Angelica. (Da sè) (Non ne posso più).

Dorval. (Imbarazzato) Tutto ciò va bene, ma...

Geronte. Che?

Dorval. (Guardando Angelica) Credo che la signora Angelica abbia qualche cosa da dirvi su tal proposito.

Angelica. (Tremando) Io?...

Geronte. (Alterato) Vorrei ben vedere, che ella avesse qualche cosa a ridire su quel ch’io faccio, su quel che ordino, su quel ch’io voglio; quel che voglio, quel che ordino, quel che faccio, lo faccio, lo voglio e lo ordino per il vostro meglio. Intendete? (ad Angelica)

Dorval. Parlerò io dunque e per lei, e per me.

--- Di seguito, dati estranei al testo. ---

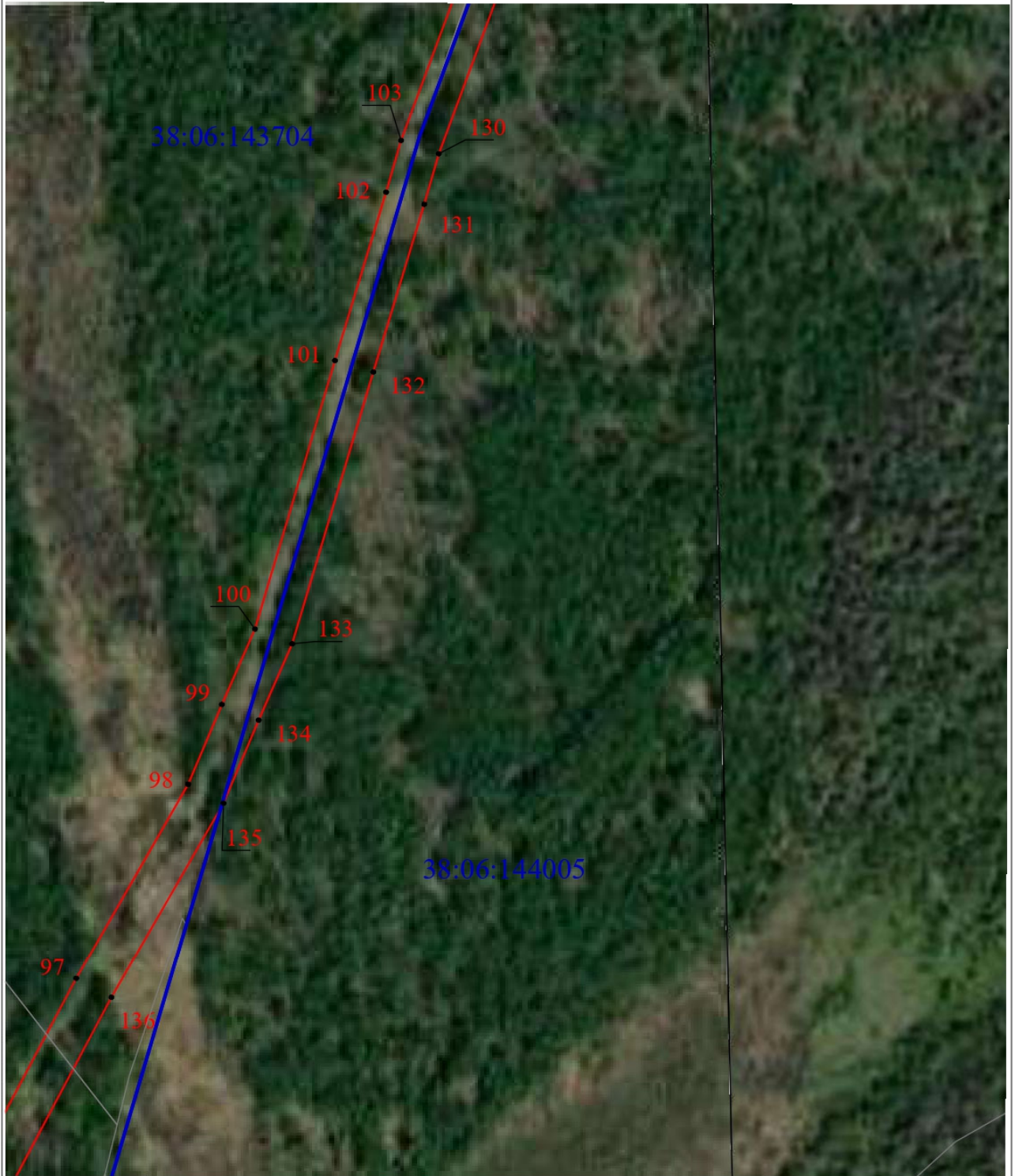
Схема границ публичного сервитута (выносной лист б)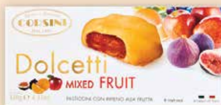
224355 Долчети с плодове 120 г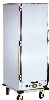
Carro caliente de distribución de comida (cont.)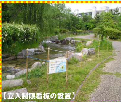
【立入制限看板の設置】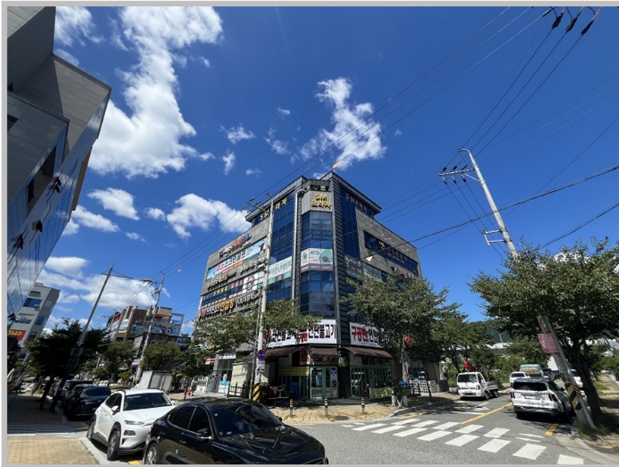
【 본건 전경 】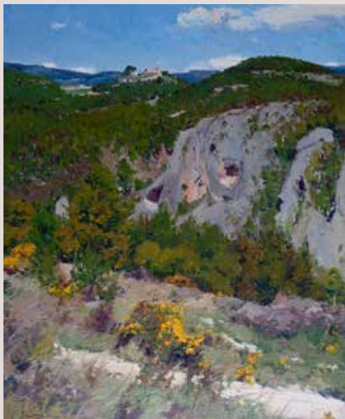
CASTELL DE BARXELL (Oli sobre llenç, 61 x 50 cm)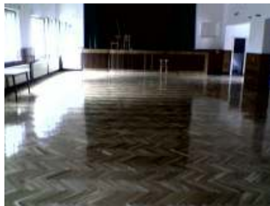
Az új parkett

A Művelődési Ház évek óta tartó részleges felújításaként ebben az évben a színház és tornaterem parkettájának teljes cseréjére került sor.

Geronte. Voi? Cosa avete da dirmi?

Dorval. Che me ne dispiace infinitamente; ma che questo matrimonio non si può fare.

Geronte. (Adirato) Cospetto! (Angelica e Dorval si allontanano un poco. A Dorval) Voi m’avete data la vostra parola d’onore.

Dorval. Sì, ma a condizione...

Geronte. (Volgendosi ad Angelica) Sarebbe forse quest’impertinente? Se lo potessi credere... se potessi dubitarne...

Dorval. (Con serietà) Non signore. Voi v’ingannate.

Geronte. (A Dorval, con isdegno) Siete voi dunque, che mi mancate?

Angelica. (Coglie il momento che Geronte parla a Dorval, e si ritira fuggendo.)